Collected material:
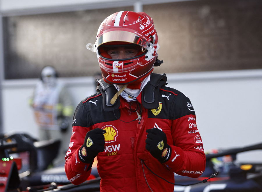 Formula One F1 – Azerbaijan Grand Prix – Baku City Circuit, Baku, Azerbaijan – April 28, 2023 Ferrari’s Charles Leclerc celebrates after qualifying in pole position REUTERS/Maxim Shemetov
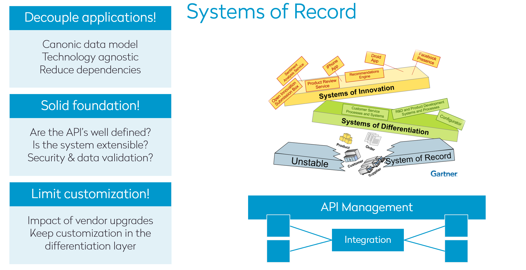 - Limit customization – Customizing systems on this layer threatens a company’s ability to upgrade those systems in the future. As such, modifications to record systems should be limited as much as possible and left for those on the differentiation layer.
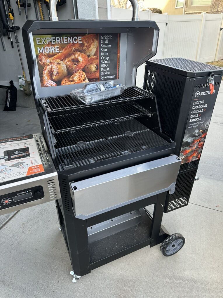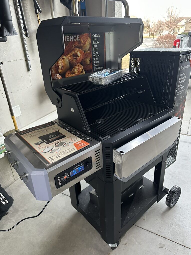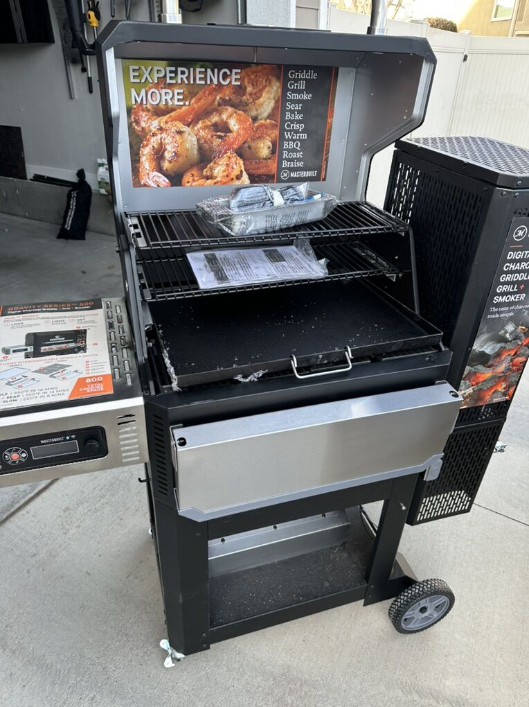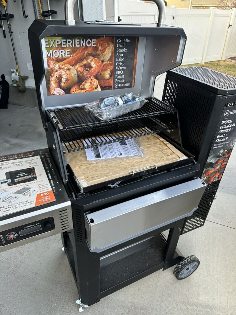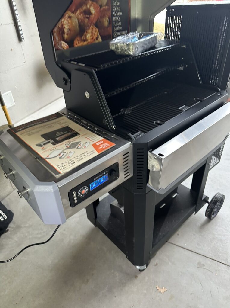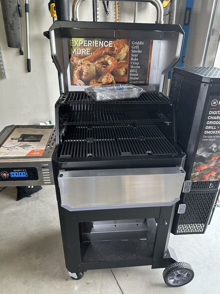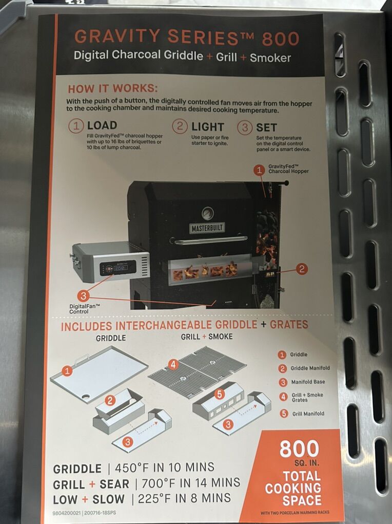 VenmoNew, never been used. Masterbuilt 800 digital charcoal grill/smoker. It also comes with a griddle. These are similar to Traegers but they use charcoal instead of pellets. I’ve got the bigger version of this that I’ve been using for 3 years and it’s been the best grill I’ve ever had!!
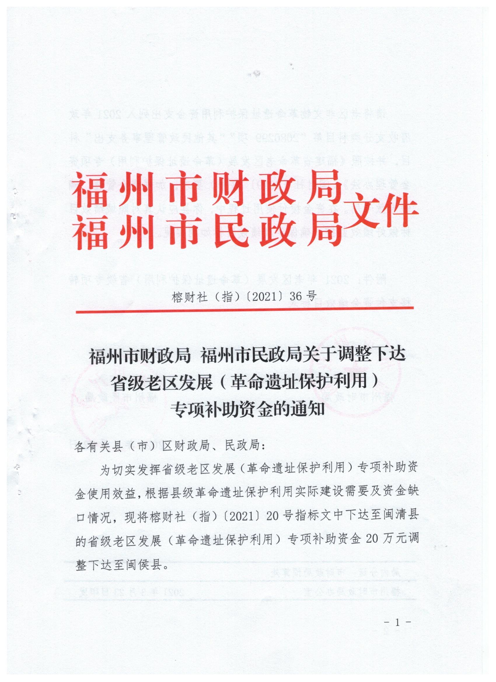 福州市财政局 西瓜视频 关于调整下达省级老区发展(革命遗址保护利用)专项补助资金的通知

Your assignment: Would you reproduce the lines above, from the very first through the line containing "- Limit customization", exactly and without the pictures?

Response area:
 Formula One F1 – Azerbaijan Grand Prix – Baku City Circuit, Baku, Azerbaijan – April 28, 2023 Ferrari’s Charles Leclerc celebrates after qualifying in pole position REUTERS/Maxim Shemetov
 - Limit customization – Customizing systems on this layer threatens a company’s ability to upgrade those systems in the future. As such, modifications to record systems should be limited as much as possible and left for those on the differentiation layer.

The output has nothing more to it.